Et si la vie que vous avez depuis 15 ans ne vous tente plus parfois? C’est le cas du personnage principal Tessa, agente d’immeuble, mère de trois garçons et en couple depuis 15 ans avec le père de ses enfants. Cette Tessa, toujours au bord d’un précipice, au sommet de la tristesse. Elle se demande toujours un peu ce que serait sa vie, si elle était autrement.

Et c’est l’apparition de son premier vrai amour qui la ramène à se questionner de plus belle. Cet amoureux qui a toujours été présent au fond d’elle-même réapparait dans son quotidien de mère qui transporte des ponts. Elle sera alors complètement chamboulée. Accepter ou refuser de revoir celui qui est à la base même de cette envie de tout lâcher ?

« Dans les chansons, les films, et les milliers de pas parcourus sur les trottoirs de ma ville ». Encore aujourd’hui, la blessure n’est pas guérie. Comment pourrait-il en être autrement, quand il s’agit de « l’Homme-qui-a-tout-changé-et-nous-a-révélée-à-nous-même » 

Tessa est dure avec elle-même et tellement empreinte de délicatesse et de tendresse face aux autres. Le récit nous entraine dans un jeu de va et vient dans ses pensées. Non seulement elle a une répartie du tonnerre, mais surtout on a envie de lui dire de ne pas être si dure avec elle-même. Tessa, c’est le personnage multidimensionnel parfait, on comprend sa réalité familiale, son quotidien, mais on y aperçoit aussi, derrière la fenêtre de son passé, les tourments et les raisons qui meublent sur son sourire une éternelle tristesse.
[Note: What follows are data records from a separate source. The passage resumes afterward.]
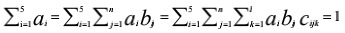 其中ai、bij、 cijk分別為一級、二級、三級指標對應的權重,j為一級指標AΣ5i=1ai=i對應的二級指標個數(shù),k為二級指標Bj對應的三級指標個數(shù)。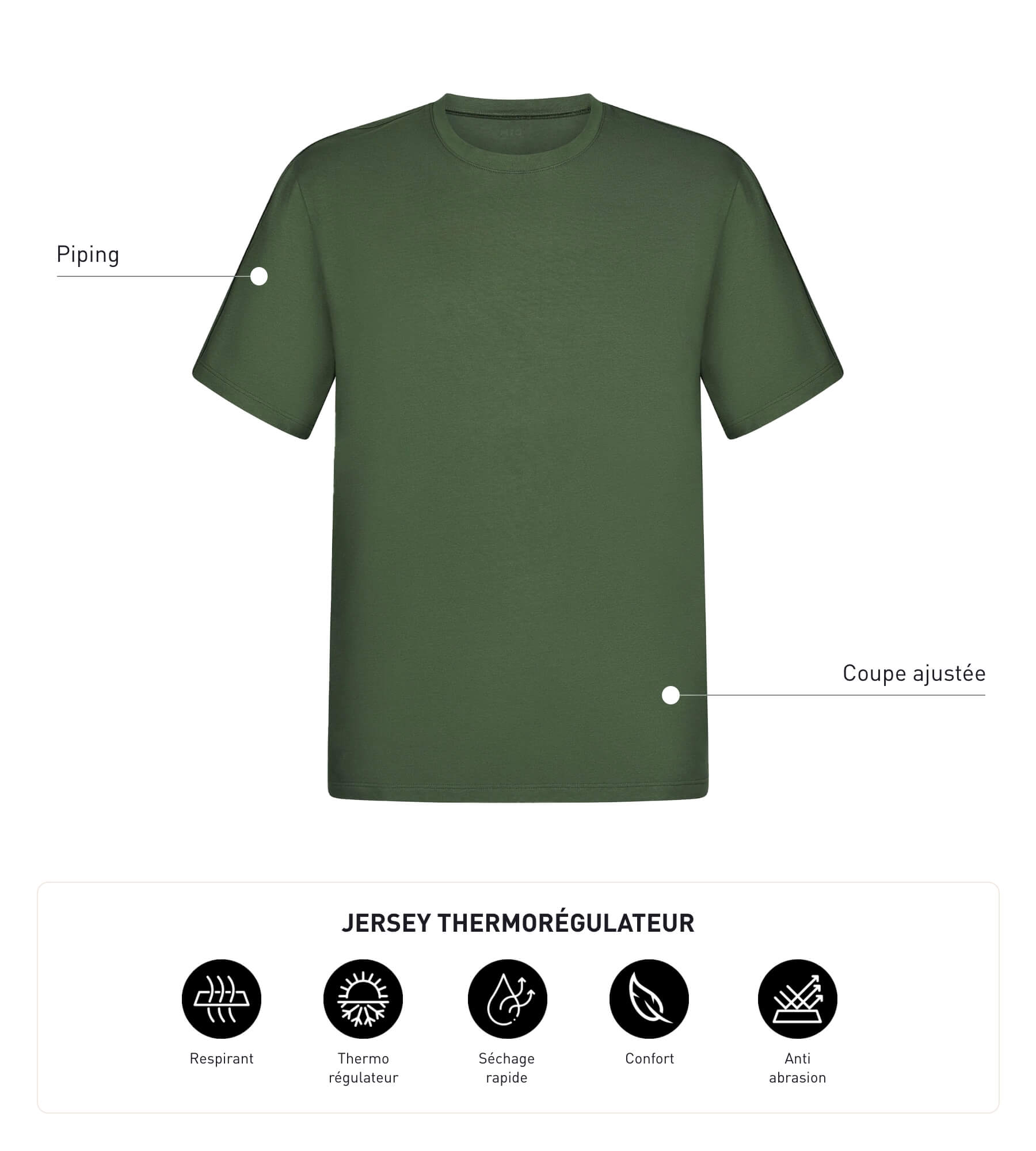Améliorez votre bien-être pendant l’effort avec le t-shirt homme Dim Move en jersey Kaki au style très urbain !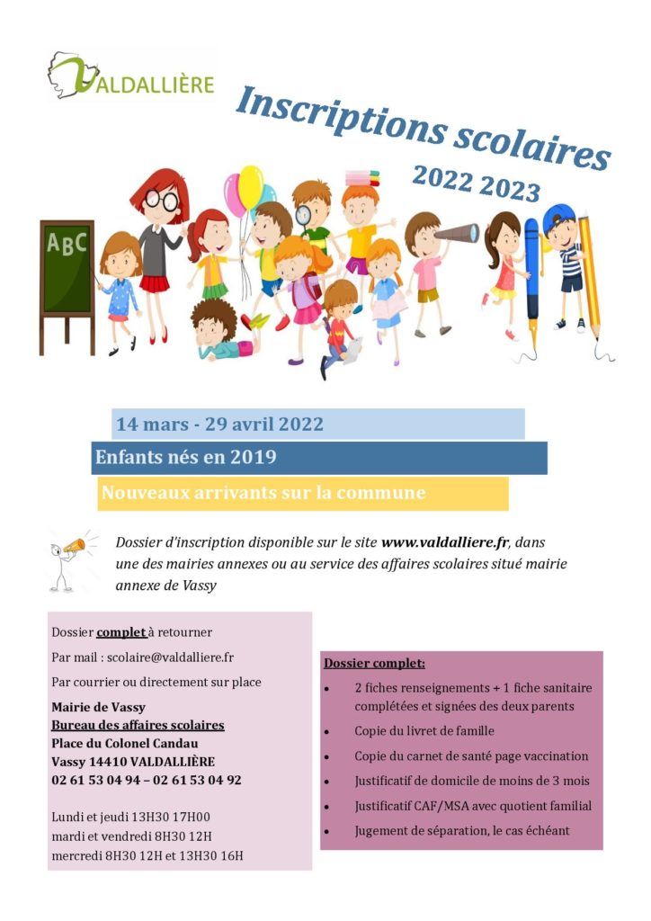 Pour inscrire votre enfant dans les écoles de Valdallière à la rentrée prochaine, c’est maintenant !!

Bien évidement que le titre du bouquin, Les maisons, fait référence au travail de Tessa, mais aussi à cette habitude très charmante qu’elle a prise au fil des années d’essayer de percer dans les objets des maisons qu’elle visite les personnalités des gens qui l’habitent. Les petits secrets des habitations qu’on tente de camoufler et d’enjoliver, Tessa y pénètre et les connait tous. Le lecteur aussi, puisque Tessa nous laisse apercevoir les recoins de son histoire, les plus beaux comme les moins beaux. Sa vulnérabilité, sa tendresse et la tristesse qui l’habite m’ont réellement fait croire au personnage, Tessa existe, je le sais. Elle existe dans des dizaines de femmes.

Un peu à l’image de Un matin je suis partie d’Alice Steinbach, Tessa rêve parfois de quitter son quotidien, avec son mari qu’elle aime toujours, mais qui traine avec lui un amour organisé et continuel. Elle rêve de tout quitter et de repartir, de tout recommencer et cela passe par les bras de son ex, symbole de fuite et de liberté.
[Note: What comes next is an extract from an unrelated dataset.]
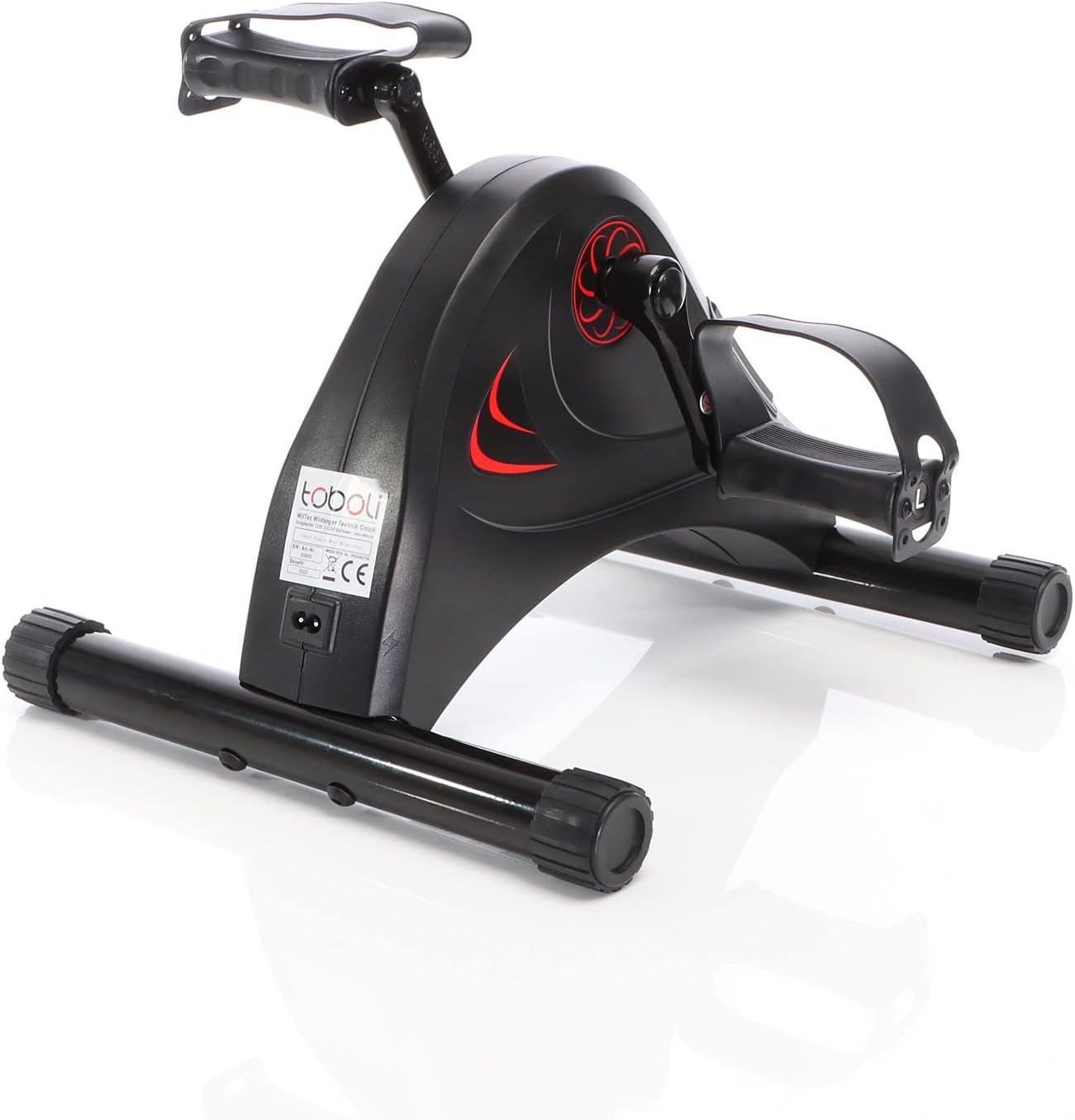 With this LUXTRI mini exercise bike you don’t need much space to get your legs or arms in motion. The electric pedaler has a compact dimensions of 39 x 35 x 32.5 cm. Therefore, it can be placed in any room, so it is also possible to train in the office or in the kitchen. With the static pedals you can watch your favorite series and get your muscles in shape at the same time. The 80-watt electric pedeler has an LED display that indicates distance, time, speed and calories burned. To strengthen fitness with the appliance, the resistance can be individually adjusted between levels 0 and 5. In addition, it is possible to choose between 12 speed levels to vary the workout. The feet of the exercise bike are made of steel to ensure the necessary stability. The housing and pedals are made of plastic, so this is a robust sports equipment that can withstand a maximum load of 120 kg. To ensure optimal operation of the pedals, the mini bike is equipped with an iron flywheel.

Le tressaillement constant dans les pensées de Tessa à savoir si elle le reverra cet ex, si elle lui fera l’amour, semble lourd sur papier, dit comme ça. Pourtant, je vous assure que l’écriture et la narration de Fanny Britt est si merveilleuse et presque humoristique qu’on s’attache à cette femme si près de nous et farouchement humaine.
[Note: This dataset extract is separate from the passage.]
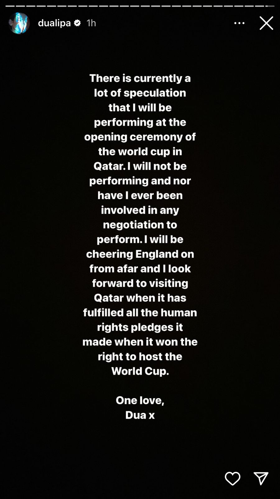 Dua shtoi se “Nuk kam asgjë kundër Katarit dhe shpresoj se një ditë do të kem mundësinë të shkoj atje. Por nuk më pëlqente të isha mes spekulimeve se do të performoja për diçka që bie në kundërshtim me bindjet e mia.”

Tessa, c’est le non-dit de tant de femmes. C’est le rêve de tout lâcher, de se retrouver, de partir à la recherche de celle qu’on est au fond. C’est ce désir de tout maudire pour apaiser cette tristesse incontrôlable et cette angoisse d’exister tout seulement.

Je serai éternellement reconnaissante envers Fanny Britt pour ce roman. Ce premier qu’elle voulait tant écrire et qui signifiait tant pour elle, est tout simplement parfait. Sans pudeur ni flafla, Tessa se laisse découvrir, dénuder en nous montrant ses failles comme sa grande beauté émotionnelle. On ferme le bouquin conquis d’une femme entière et si près de moi, de vous aussi, j’en suis convaincue.